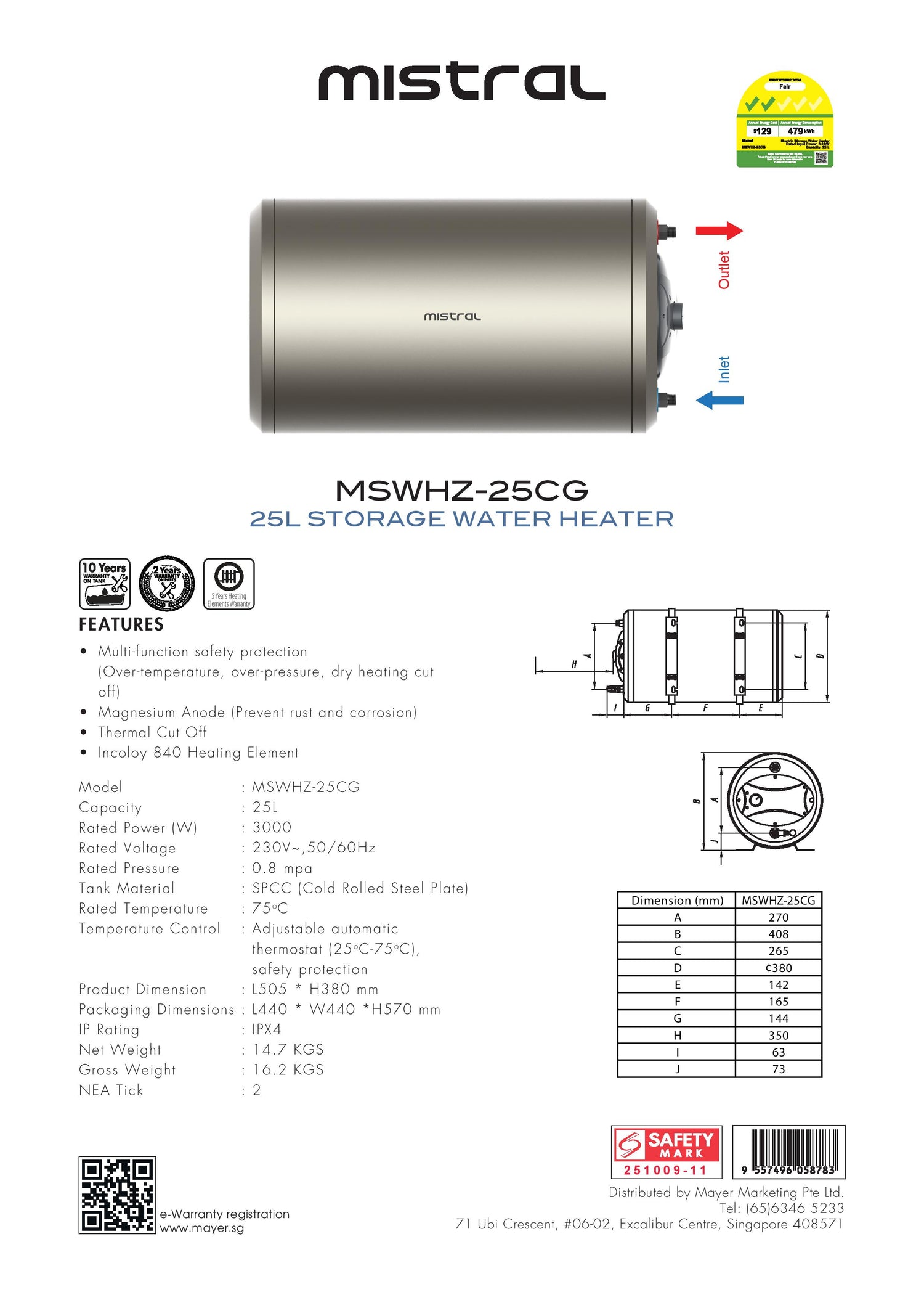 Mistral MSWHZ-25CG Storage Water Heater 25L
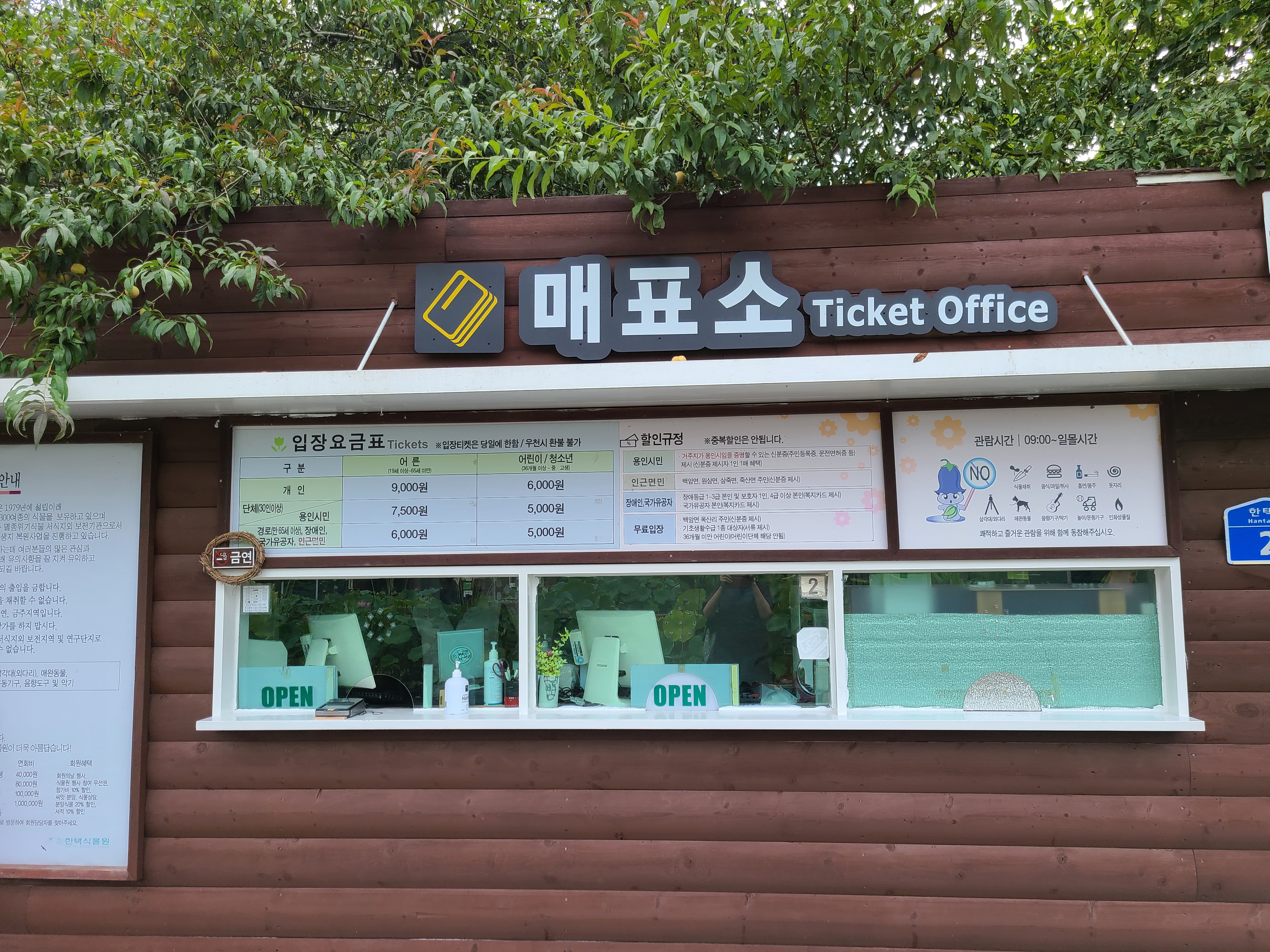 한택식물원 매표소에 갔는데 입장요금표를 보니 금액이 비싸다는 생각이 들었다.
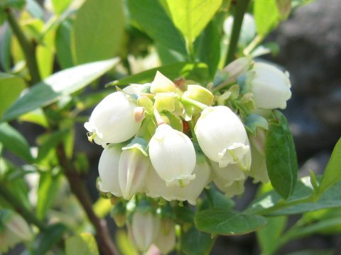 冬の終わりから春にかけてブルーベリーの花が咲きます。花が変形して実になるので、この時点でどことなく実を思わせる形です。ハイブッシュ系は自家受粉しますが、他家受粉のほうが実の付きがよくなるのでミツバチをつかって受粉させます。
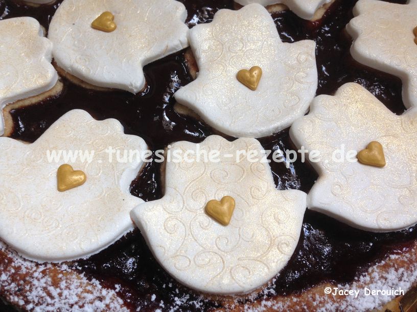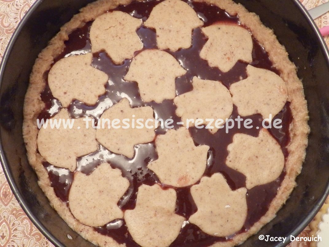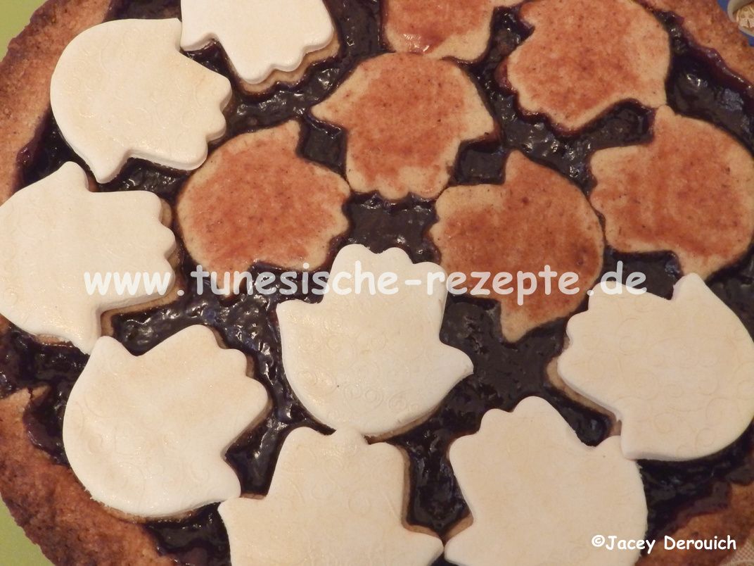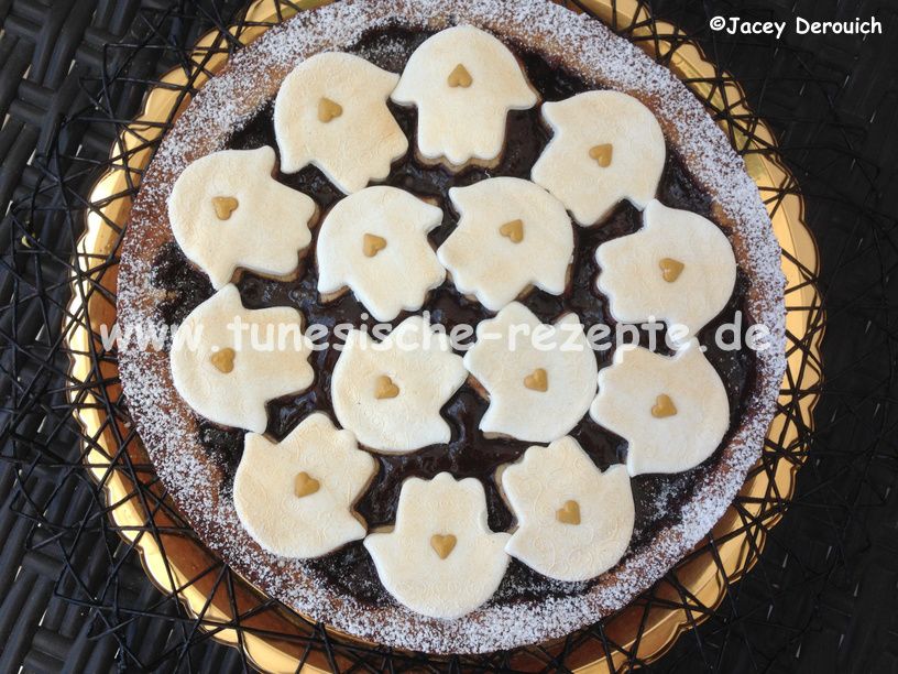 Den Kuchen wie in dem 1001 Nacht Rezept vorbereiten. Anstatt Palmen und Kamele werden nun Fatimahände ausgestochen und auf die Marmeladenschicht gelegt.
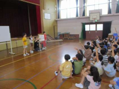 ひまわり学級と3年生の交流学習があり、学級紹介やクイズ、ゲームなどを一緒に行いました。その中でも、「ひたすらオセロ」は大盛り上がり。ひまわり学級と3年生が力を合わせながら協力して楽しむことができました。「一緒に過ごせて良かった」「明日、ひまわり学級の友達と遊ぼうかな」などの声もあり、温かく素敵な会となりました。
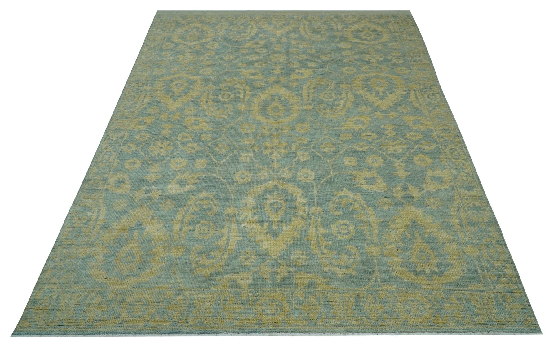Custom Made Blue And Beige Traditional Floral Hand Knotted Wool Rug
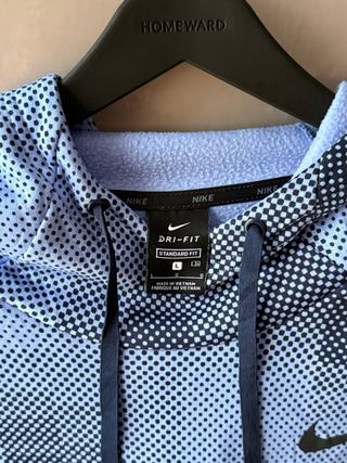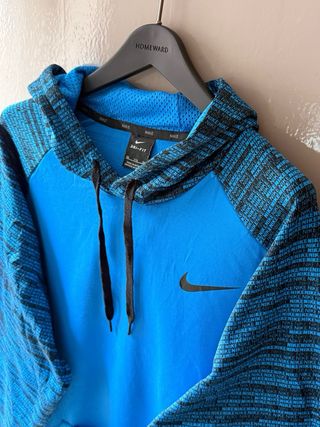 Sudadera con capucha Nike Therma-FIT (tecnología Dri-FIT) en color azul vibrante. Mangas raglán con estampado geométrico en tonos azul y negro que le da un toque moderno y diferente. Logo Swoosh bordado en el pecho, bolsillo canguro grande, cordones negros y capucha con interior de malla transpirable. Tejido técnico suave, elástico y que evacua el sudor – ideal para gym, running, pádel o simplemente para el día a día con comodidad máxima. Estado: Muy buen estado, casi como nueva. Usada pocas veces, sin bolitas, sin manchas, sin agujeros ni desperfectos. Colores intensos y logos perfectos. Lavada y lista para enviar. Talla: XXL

YOUR GOAL
In the records above, everything from the line with "Den Kuchen wie" down to the line with "Custom Made Blue" is to be set down exactly, both ends included, with no pictures and no other lines.

SOLUTION TO THE PROBLEM
 Den Kuchen wie in dem 1001 Nacht Rezept vorbereiten. Anstatt Palmen und Kamele werden nun Fatimahände ausgestochen und auf die Marmeladenschicht gelegt.
 ひまわり学級と3年生の交流学習があり、学級紹介やクイズ、ゲームなどを一緒に行いました。その中でも、「ひたすらオセロ」は大盛り上がり。ひまわり学級と3年生が力を合わせながら協力して楽しむことができました。「一緒に過ごせて良かった」「明日、ひまわり学級の友達と遊ぼうかな」などの声もあり、温かく素敵な会となりました。
Custom Made Blue And Beige Traditional Floral Hand Knotted Wool Rug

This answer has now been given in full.